With Lynden the new raspberry capitol, it was natural that manufacturers of the two main harvesters should be located in the PNW. Littau of Stayton, Ore., was the pioneer. Korvan of Lynden became a respected competitor. BEI of Michigan is also in the game but their machines specialize in blueberries. The Joonas harvester from Finland does a fine job with lower growing fruit and is a major player in the international market for harvesters of everything from currants to coffee beans.
If you havent seen one of these machines, they are big, ranging from 4 tons to 6 1/2 tons. At 18 feet long, more than 10 feet wide and 10 feet tall, a Korvan harvester is hard to ignore. What they do is more impressive. Depending upon the model, a berry harvester can pick as much fruit as 40 – 100 human pickers. And theyll work 24 hours per day if needed.
Rumbling through fields at speeds of 2 mph or less, harvesters shake and slap canes to loosen only the fruit that is at the perfect stage of ripeness to fall away when agitated. Handpicked berries typically range on both sides of perfect ripeness so handpicking cant be expected to produce as uniform a product as mechanical harvesters.
I drove north to visit a raspberry estate where machines were in action. Unlike Marysvilles five-acre patches of yesteryear, the Lynden farm I visited harvested between 400 and 500 acres, with picking machines covering it all every two and a half days.
The machines werent hard to find. A heavy rumble of diesel engines drew my eye to a cluster of four workers floating above the rows. Ducking through canes, I caught up with the monster-machine, bridged catamaran-style over a row like an old-fashioned lumber carrier. Its crew, operating 10 feet above the soil, shuffled full and empty flats about while keeping the machine on course.
Mechanized picking raised raspberry production to where output is measured in tons. Uses abound: Cran-Raspberry juice, Raspberry scones, Raspberry wine, Raspberry-ripple ice cream, raspberry yoghurt, raspberry chipotle sauce, raspberry vinaigrette; there seemed to be no shortage of new raspberry products and the Lynden Raspberry Festival offered opportunities to sample them on July 13 and 14.
Marysvilles retreat from berry farming offers one more example of how our region is changing with the times.
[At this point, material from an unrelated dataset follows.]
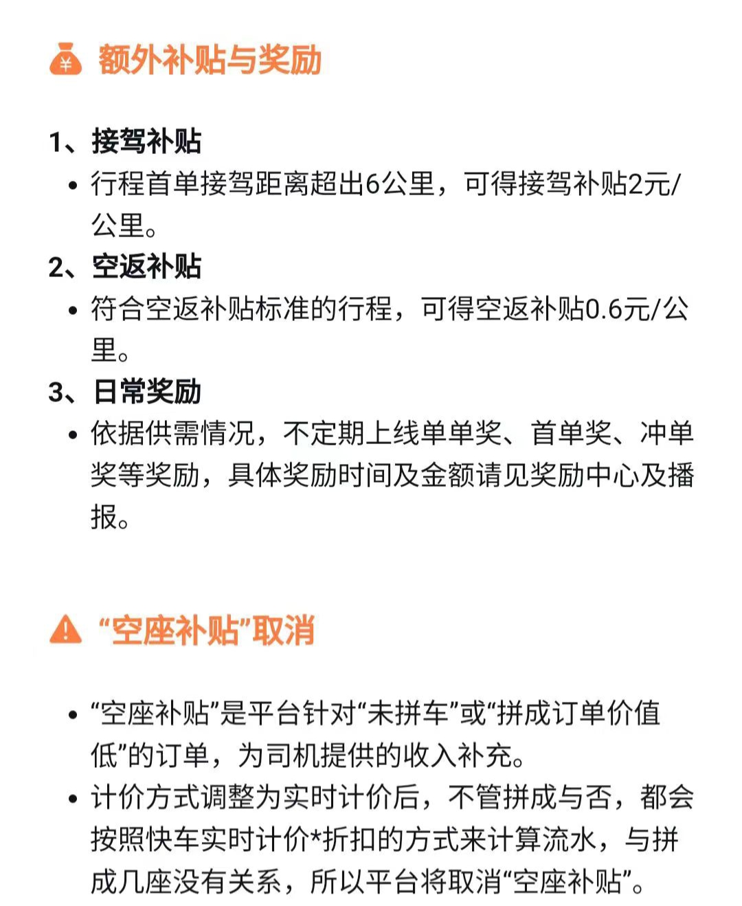 另外,同样值得注意的是,滴滴还针对远途拼车单推出了接驾补贴、空返补贴、 日常奖励等鼓励司机接远途拼车订单。

Fields have given way to housing developments. Five and 10-acre local fields have been replaced by 40 to 500-acre fields elsewhere. Pickers are being replaced by harvesting machines. And according to last Wednesdays Herald, it is now hard-working young Ukrainians, not native-born Americans kids, that bring in Biringers strawberry crop.
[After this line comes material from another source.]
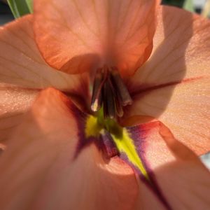 Gladiolus meliusculus咲きました 大好きなグラジオラスで、輝くペールオレンジ🍊の花弁に、ブロッチが鮮血🩸+ネオンライムライト🍋🟩 良い香りもするし抽水性ケープバルブだしおもしれーってなるグラジオラスです。 アラタスグループなので、アラタスに似ていますね
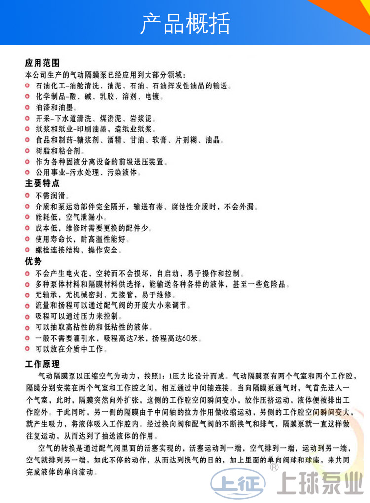 具有使用壽命長、不停機、無需加油的優(yōu)點,即能抽送流動的液體,又能輸送一些不易流動的介質(zhì),具有自吸泵、潛水泵、屏蔽泵、泥漿泵和雜質(zhì)泵等輸送機械的許多優(yōu)點。生產(chǎn)的QBY5系列氣動隔膜泵是一種新型的輸送設(shè)備,是目前國內(nèi)穎新的泵類。采用壓縮空氣為動力源,對于各種腐蝕性液體,帶顆粒的液體,高粘度、易揮發(fā)、易燃、劇毒的液體,均能抽光吸盡。

The troubling aspect of all this change is our continuing loss of agricultural land to development. Flat bottomland is so easy to develop that it is first to attract developers. Fertile bottomland is best for everything. Long ago, it was the best pasture for wildlife before becoming the past generations wonderfully productive farmland.
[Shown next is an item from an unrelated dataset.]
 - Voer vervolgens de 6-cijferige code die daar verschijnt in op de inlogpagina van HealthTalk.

With farmlands paved over, we import food. A study of foods bought in our supermarkets showed that, on average, the food we buy travels 1,450 miles from its source to our tables. In Italy, where agricultural land is protected, food travels an average of 26 miles from farm to market. So the loss of so many of our berry fields leaves me with this question.
Can a nation that paves its farmlands survive if forced to rely on local resources?